What to work on: Search the records for the line with "Constellation Co-Axial Chronometer". Output that line and each line after it, exactly, and stop at the end; omit pictures.

[[ Data for the task, beginning ]]

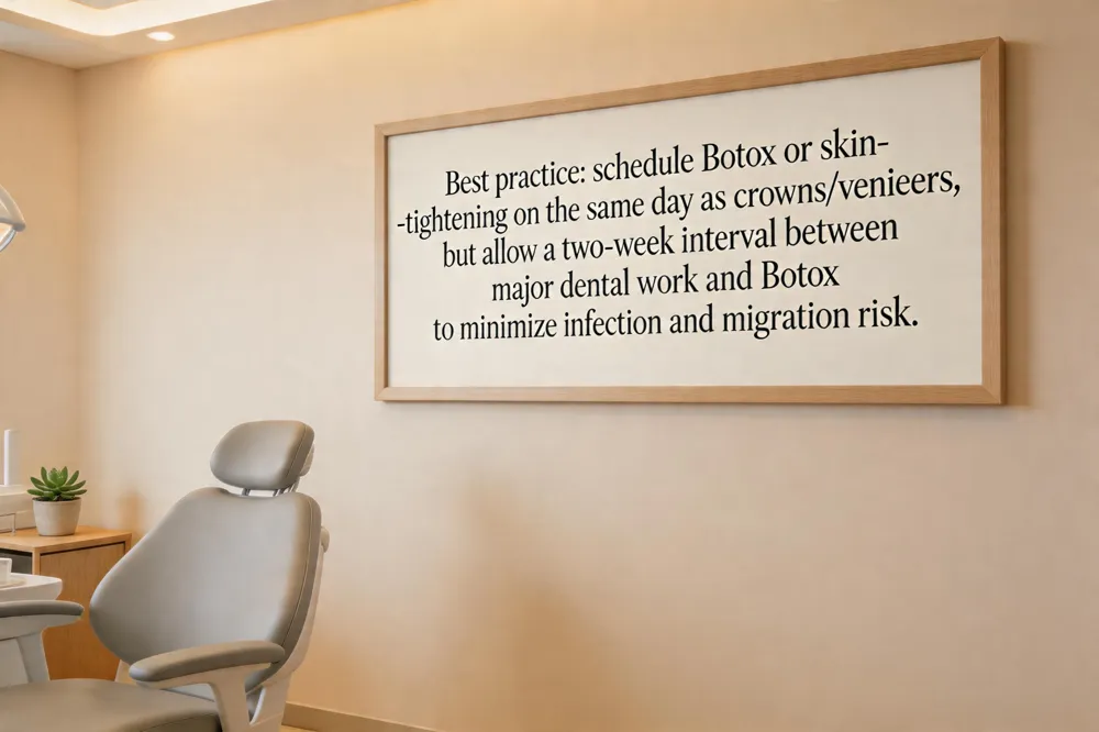 How long to wait between Botox and dentist? A two‑week interval is generally advised between a Botox injection and any invasive dental procedure (e.g., crowns, implants) to allow the injection site to heal and reduce infection or migration risk. Routine cleanings or non‑invasive exams can be scheduled the same day, provided the injection sites are distant from the mouth. After major dental work, wait about two weeks before receiving Botox to let swelling subside.
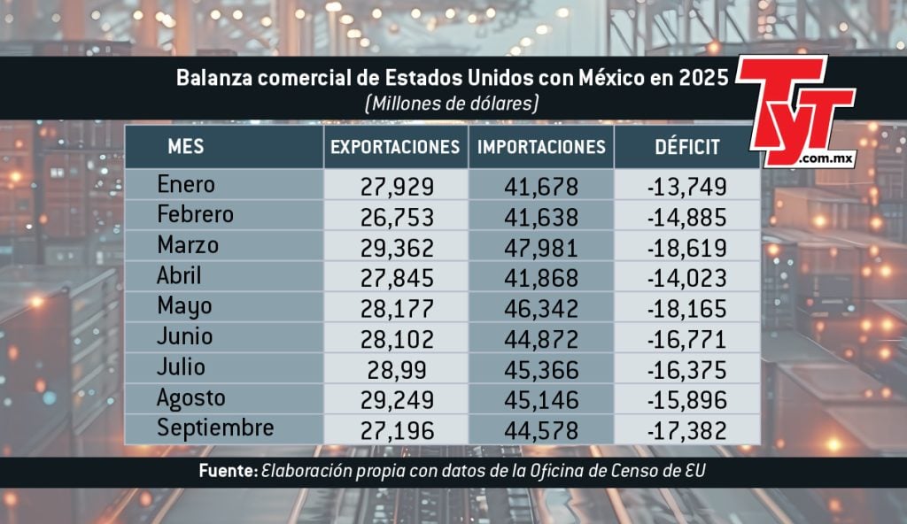En el acumulado de los primeros nueve meses de 2025, Estados Unidos importó desde México 399,473 millones de dólares, lo que representó el 16.2% de las importaciones totales de ese país y superó con amplitud a sus principales competidores: Canadá (11.6%) y China (8.5%).
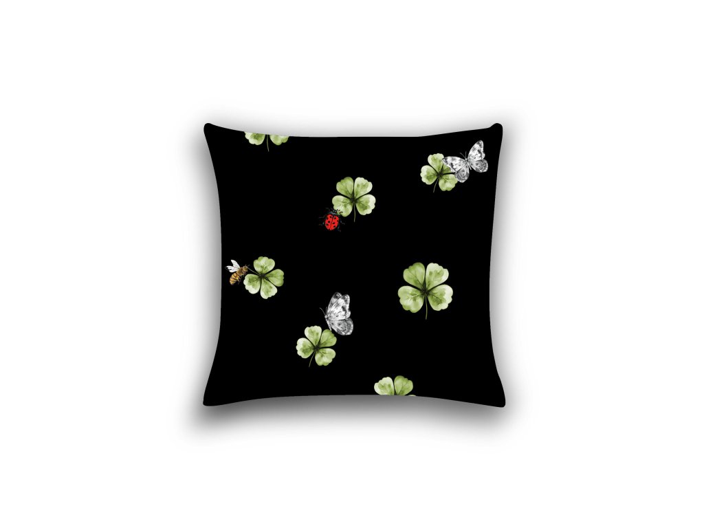 Dekoratívny poťah na vankúš FOUR LEAF CLOVER 40x50 cm očarí jednoduchým, ale výrazným dizajnom. Čierny podklad s motívmi zelených štvorlístkov, lienok, motýľov a včiel dodáva vankúšu prírodný a hravý nádych.
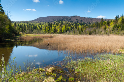 The Bobrowe Lake at the foot of the Chryszczata Mountain in the Baligród Forest District. Rabe, Bieszczady Mountains
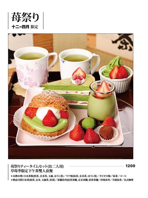 用英式下午茶架疊起「抹茶泡芙」、「抹茶霜淇淋」、「抹茶草莓奶酪」、
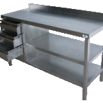 • Mostradores, mesas específicas de la sección, fregaderos, lavamanos, almacenamiento de hielo, armarios, maquinaria, material auxiliar, carros específicos de sección, protecciones, papeleras, eliminadores de insectos.
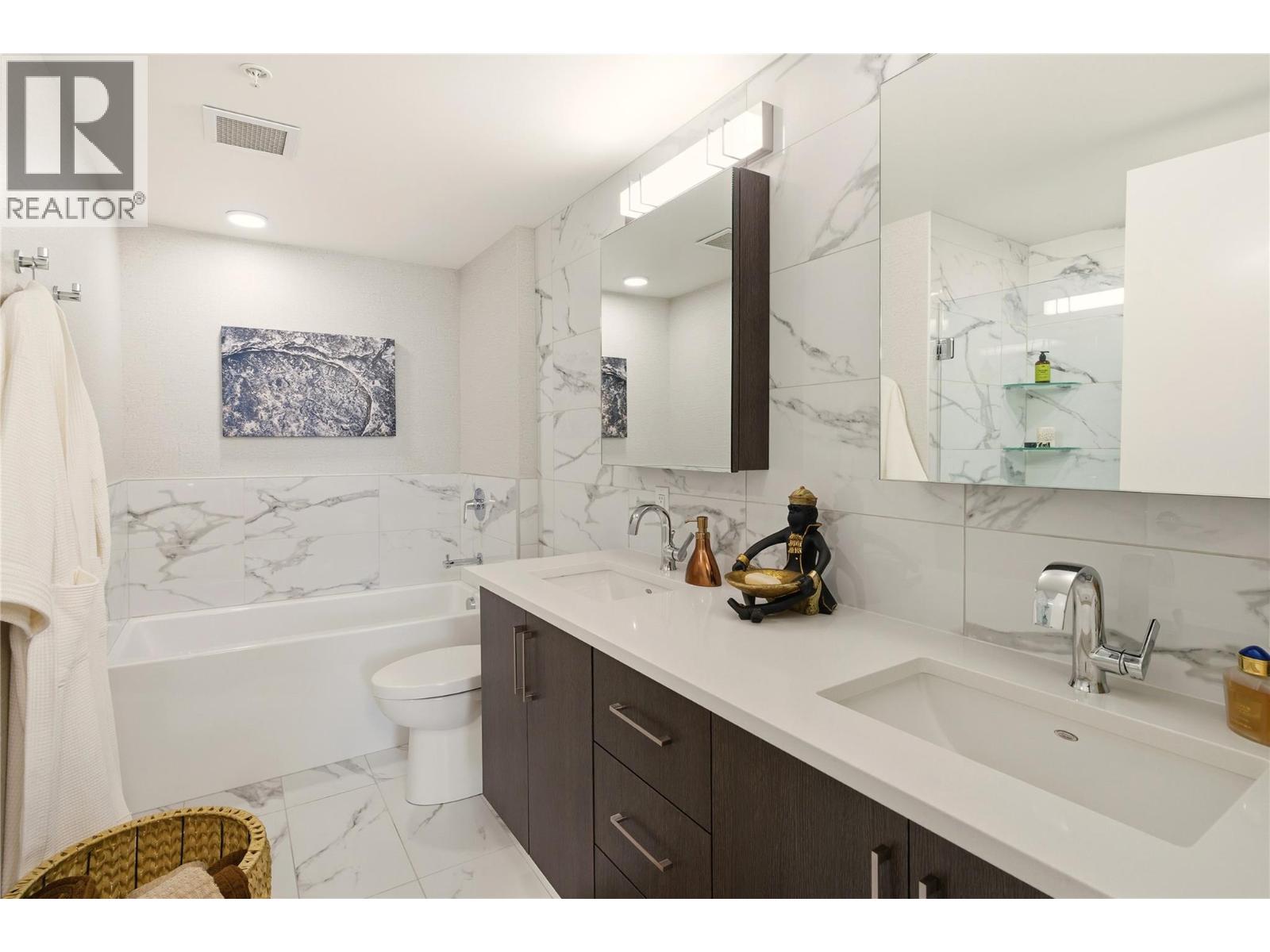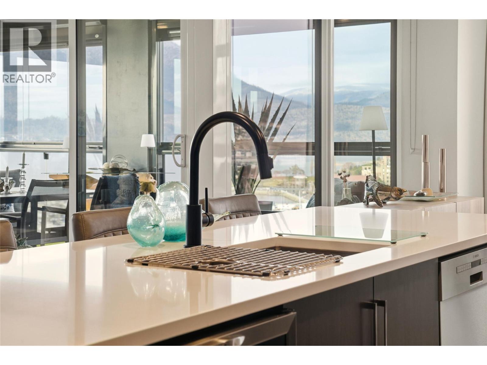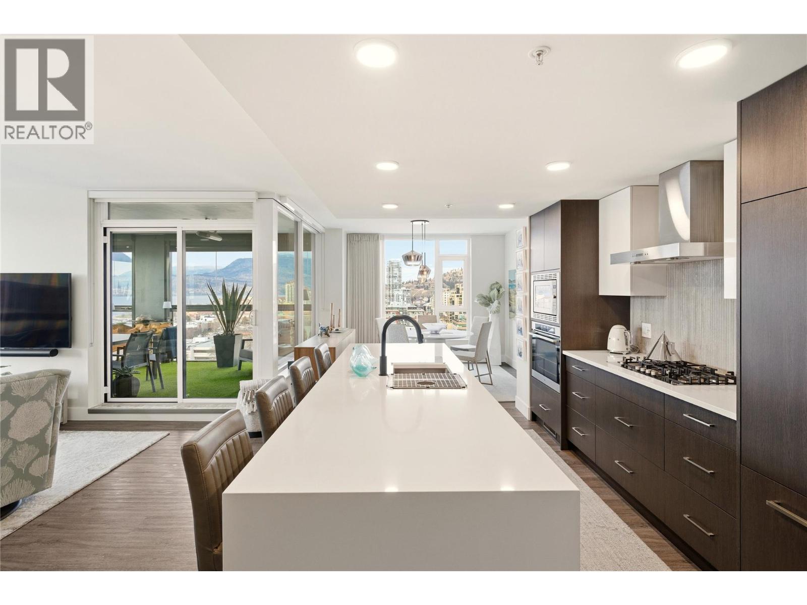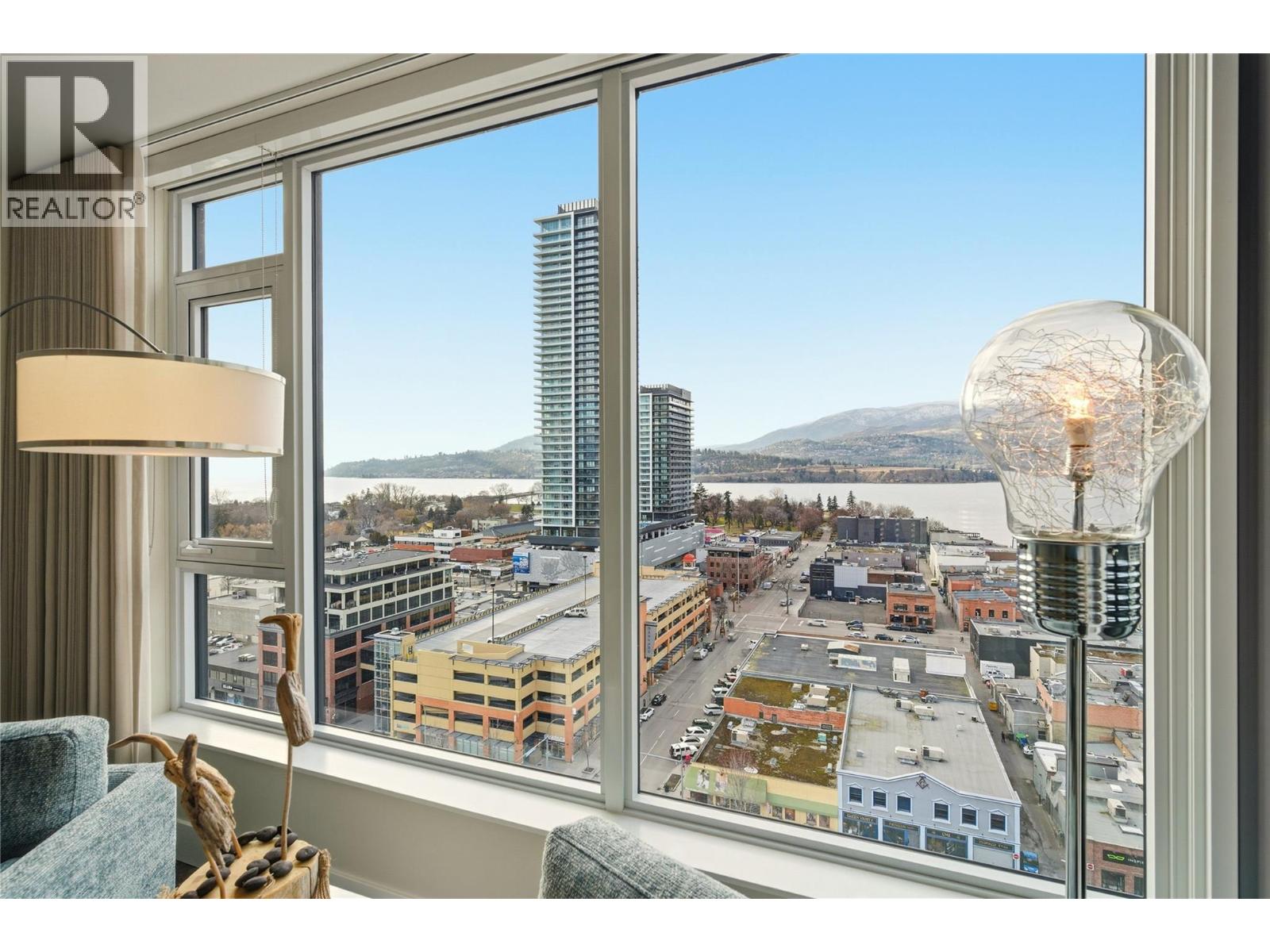 Perched on the 16th floor, this exceptional corner unit situated in the prestigious Ella building showcases luxury high-rise living at its finest. With sweeping lake, mountain, city, and Yacht Club views framed by floor-to-ceiling windows, every room captures the beauty and energy of downtown Kelowna from above. This exclusive 2 bedroom + den, 3 bathroom layout offers ultimate privacy and comfort, with both bedrooms featuring their own ensuites. The unit is in impeccable condition and has been extensively elevated with over $100,000 in premium upgrades, far beyond original developer standards. There is true indoor-outdoor living with the 11’ x 19’ terrace that is enhanced by a custom Lumon glass enclosure. Fully open for summer evenings or have closed for the winter while using the heaters for year-round enjoyment and a seamless extension of your living space. The chef-inspired kitchen features quartz counters, high-end appliances, and sleek European-style cabinetry. Additional highlights include two storage lockers (one being 7’ x 10’), a stunning wine room, thoughtfully designed built-in closets, striking feature walls by Plutos, high-end drapery, and three artistic motorized patio sun shades. There is a guest suite, pet wash, bike facilities, EV charging, and an on-site community director. This must be experienced in person to appreciate the craftsmanship and detail throughout in Kelowna's most sought after building. Contact for the full upgrade list. (id:58842)
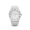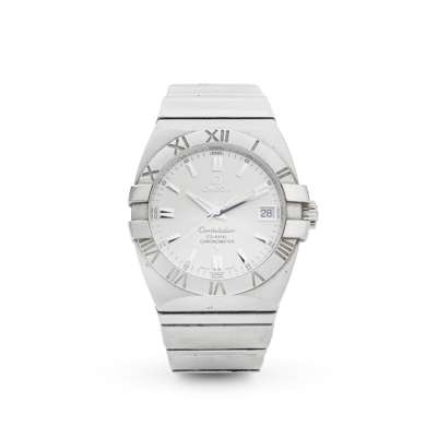 Constellation Co-Axial Chronometer Double Eagle model, stainless steel case, signed Omega automatic movement, round silver-coloured dial with applied stainless steel baton hour markers, date aperture at 3, sword hand with lume inserts, stainless steel bezel with engraved Roman numerals, exhibition caseback with serial number to edge, on an integrated stainless steel bracelet strap with concealed clasp numbered 1655/938, no box and papers
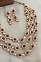 Gold Finish Kundan Polki & Ruby Layered Necklace Set
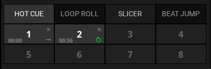 - Boucle enregistrée : enregistre une position de boucle, n’importe où dans la piste. Créez une CUELOOP et transformez-la en BOUCLE SAUVEGARDÉE.
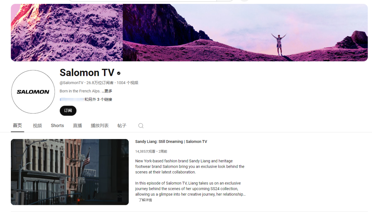 在YouTube上,Salomon通过访谈、微电影和广告等多种形式,生动地讲述品牌背后的故事与文化,展现对专业创新的不懈追求。这些内容不仅展示了品牌的深度与广度,还帮助沉淀品牌价值,建立了强烈的品牌认同感。截至今年7月,Salomon在该平台上发布了1005个视频,积累了26.7万粉丝。
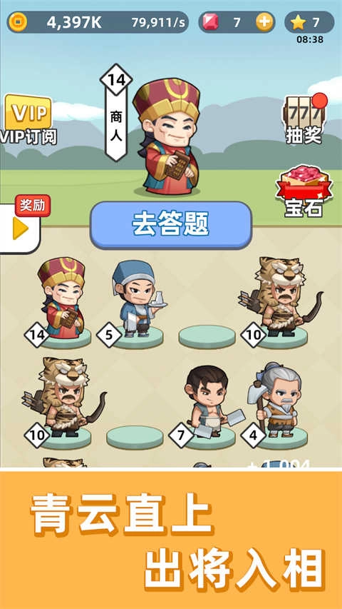 玩家在答题过程中,既能学习成语知识,还能获取人物卡片,通过合成这些卡片可以提升游戏主角色的等级。
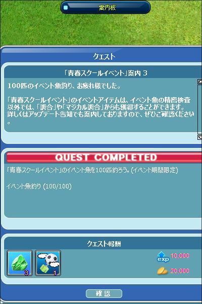 青春スクールイベント開始しましたね。とりあえず案内クエ3まで完了4は明日には完了させれるかな?
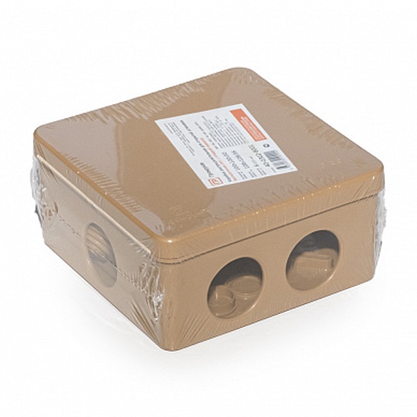 Пластиковая распаячная квадратная коробка безгалогенная,в едином корпусе цвета бук, размером 100*100 мм 40-0302-8001
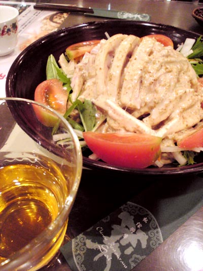 あまりの空腹に耐えきれず白切鶏沙拉(蒸し鶏のサラダ)を注文してつつく。

[[ Data for the task, end ]]

Result:
 Constellation Co-Axial Chronometer Double Eagle model, stainless steel case, signed Omega automatic movement, round silver-coloured dial with applied stainless steel baton hour markers, date aperture at 3, sword hand with lume inserts, stainless steel bezel with engraved Roman numerals, exhibition caseback with serial number to edge, on an integrated stainless steel bracelet strap with concealed clasp numbered 1655/938, no box and papers
 Gold Finish Kundan Polki & Ruby Layered Necklace Set
 - Boucle enregistrée : enregistre une position de boucle, n’importe où dans la piste. Créez une CUELOOP et transformez-la en BOUCLE SAUVEGARDÉE.
 在YouTube上,Salomon通过访谈、微电影和广告等多种形式,生动地讲述品牌背后的故事与文化,展现对专业创新的不懈追求。这些内容不仅展示了品牌的深度与广度,还帮助沉淀品牌价值,建立了强烈的品牌认同感。截至今年7月,Salomon在该平台上发布了1005个视频,积累了26.7万粉丝。
 玩家在答题过程中,既能学习成语知识,还能获取人物卡片,通过合成这些卡片可以提升游戏主角色的等级。
 青春スクールイベント開始しましたね。とりあえず案内クエ3まで完了4は明日には完了させれるかな?
 Пластиковая распаячная квадратная коробка безгалогенная,в едином корпусе цвета бук, размером 100*100 мм 40-0302-8001
 あまりの空腹に耐えきれず白切鶏沙拉(蒸し鶏のサラダ)を注文してつつく。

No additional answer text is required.